You should also look at the RSQLite, SQLiteDF, RODBC, and biglm packages. For large datasets is can be useful to store the data in a database and pull only pieces into R. The databases can also do sorting for you and then computing quantiles on sorted data is much simpler (then just use the quantiles to do the plots).
There is also the hexbin package (bioconductor) for doing scatterplot equivalents with very large datasets (probably still want to use a sample of the data, but works with a large sample).
You could put the data into a database and calculate the quantiles using SQL. See : http://forge.mysql.com/tools/tool.php?id=149
This is an interesting problem.
Boxplots require quantiles. Computing quantiles on very large datasets is tricky.
The simplest solution that may or may not work in your case is to downsample the data first, and produce plots of the sample. In other words, read a bunch of records at a time, and retain a subset of them in memory (choosing either deterministically or randomly.) At the end, produce plots based on the data that's been retained in memory. Again, whether or not this is viable very much depends on the properties of your data.
Alternatively, there exist algorithms that can economically and approximately compute quantiles in an "online" fashion, meaning that they are presented with one observation at a time, and each observation is shown exactly once. While I have some limited experience with such algorithms, I have not seen any readily-available R implementations.
The following paper presents a brief overview of some relevant algorithms: Quantiles on Streams.
You could make plots from manageable sample of your data. E.g. if you use only 10% randomly chosen rows then boxplot on this sample shouldn't differ from all-data boxplot.
If your data are on some database there you be able to create some random flag (as I know almost every database engine has some kind of random number generator).
Second thing is how large is your dataset? For boxplot you need two columns: value variable and group variable. This example:
N <- 1e6
x <- rnorm(N)
b <- sapply(1:100, function(i) paste(sample(letters,40,TRUE),collapse=""))
g <- factor(sample(b,N,TRUE))
boxplot(x~g)
needs 100MB of RAM. If N=1e7 then it uses <1GB of RAM (which is still manageable to modern machine).

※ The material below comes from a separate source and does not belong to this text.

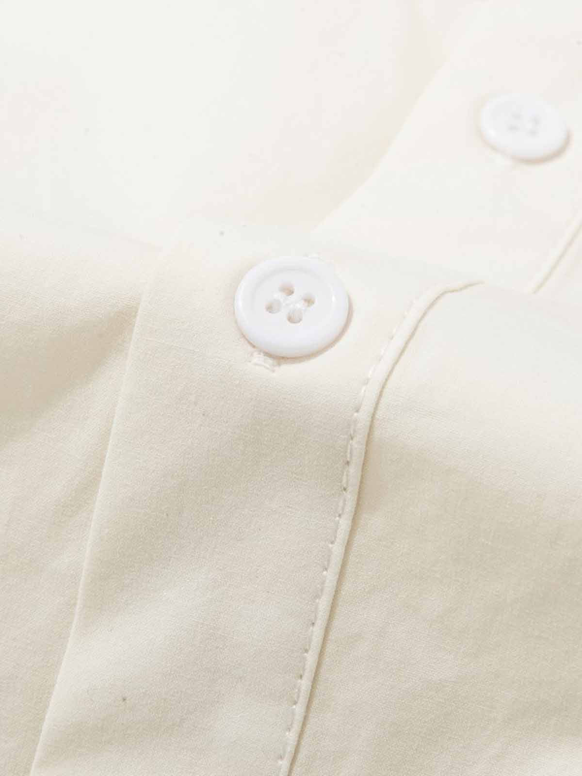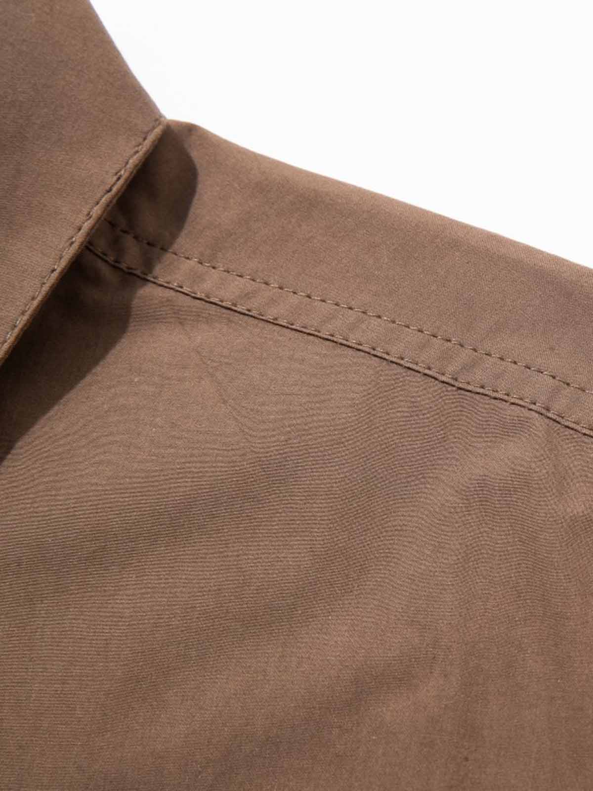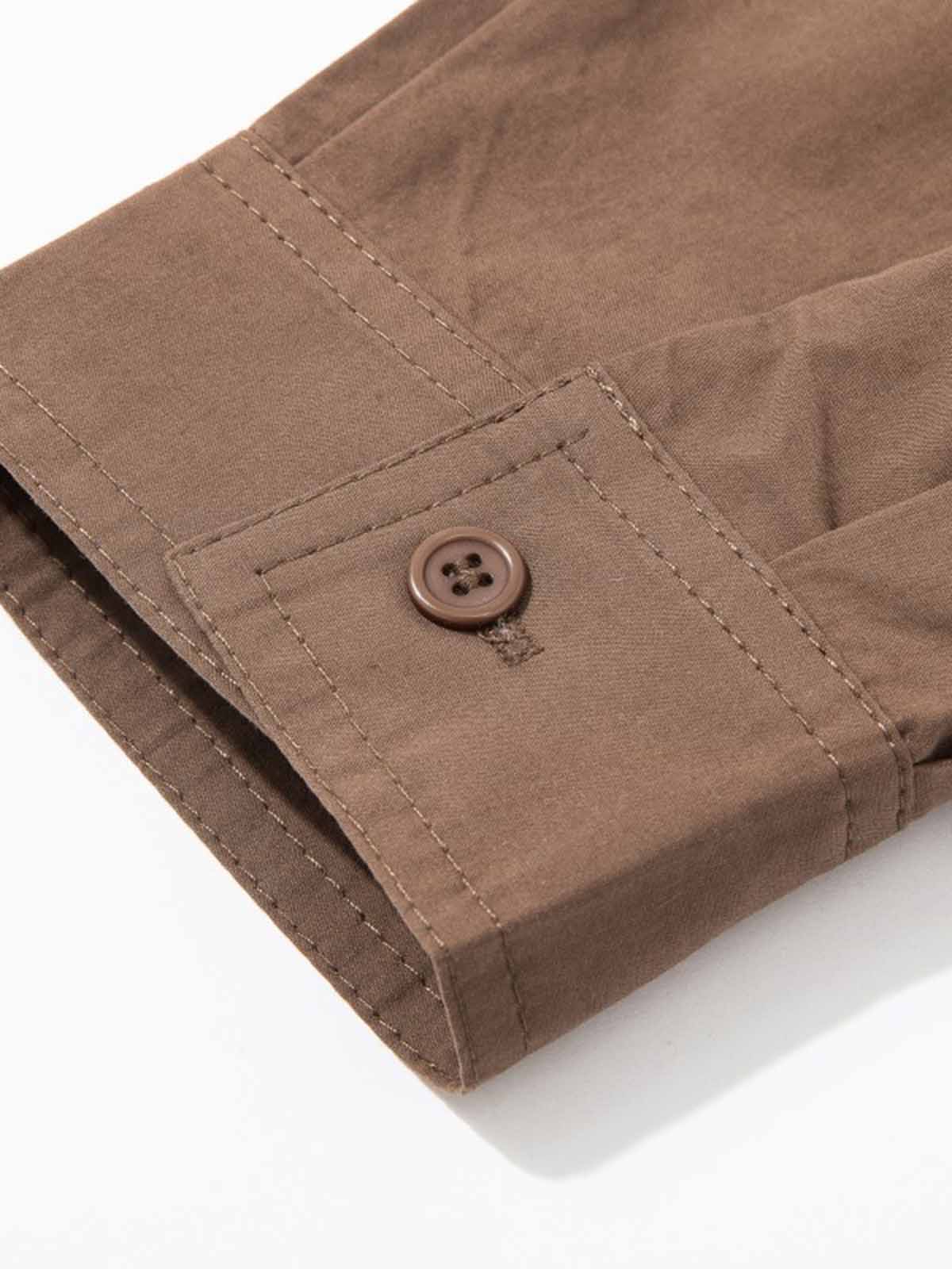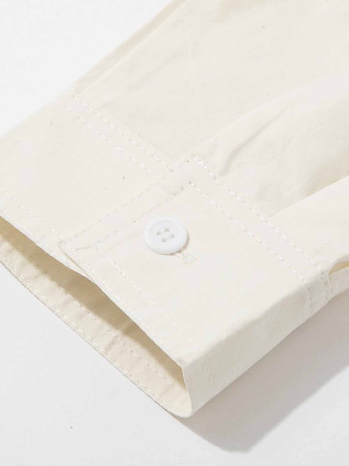 本シャツは、従来の対称デザインを打破する非対称カッティングが特徴で、独自のレイヤリング効果とモダンな印象を与えます。シンプルな翻領とルーズフィットのシルエットが、日常の着回しをしやすくしながらも個性的なスタイルを演出。100%コットンの生地は柔らかく通気性に優れており、季節を問わず快適に着用できます。さらに、アーチ状の裾カットが、Tシャツやベストとのレイヤードスタイルにも最適で、通勤からカジュアルシーンまで幅広いスタイルにマッチする一着です。

Perhaps you can think about using disk.frame to summarise the data down first before running the plotting?
The problem with R (and other languages like Python and Julia) is that you have to load all your data into memory to plot it. As of 2022, the best solution is to use DuckDB (there is an R connector), it allows you to query very large datasets (CSV, parquet, among others), and it comes with many functions to compute summary statistics. The idea is to use DuckDB to compute those statistics, load such statistics into R/Python/Julia, and plot.
Computing a boxplot with SQL + R
You need a bunch of statistics to plot a boxplot. If you want a complete reference, you can look at matplotlib's code. The code is in Python, but the code is pretty straightforward, so you'll get it even if you don't know Python.
The most critical piece are percentiles; you can compute those in DuckDB like this (just change the placeholders):
SELECT
percentile_disc(0.25) WITHIN GROUP (ORDER BY "{{column}}") AS q1,
percentile_disc(0.50) WITHIN GROUP (ORDER BY "{{column}}") AS med,
percentile_disc(0.75) WITHIN GROUP (ORDER BY "{{column}}") AS q3,
AVG("{{column}}") AS mean,
COUNT(*) AS N
FROM "{{path/to/data.parquet}}"
You need some other statistics to create the boxplot with all its details. For full implementation, check this (note: it's written in Python). I had to implement this for a package I wrote called JupySQL, which allows plotting very large datasets in Jupyter by leveraging SQL engines such as DuckDB.
Once you compute the statistics, you can use R to generate the boxplot.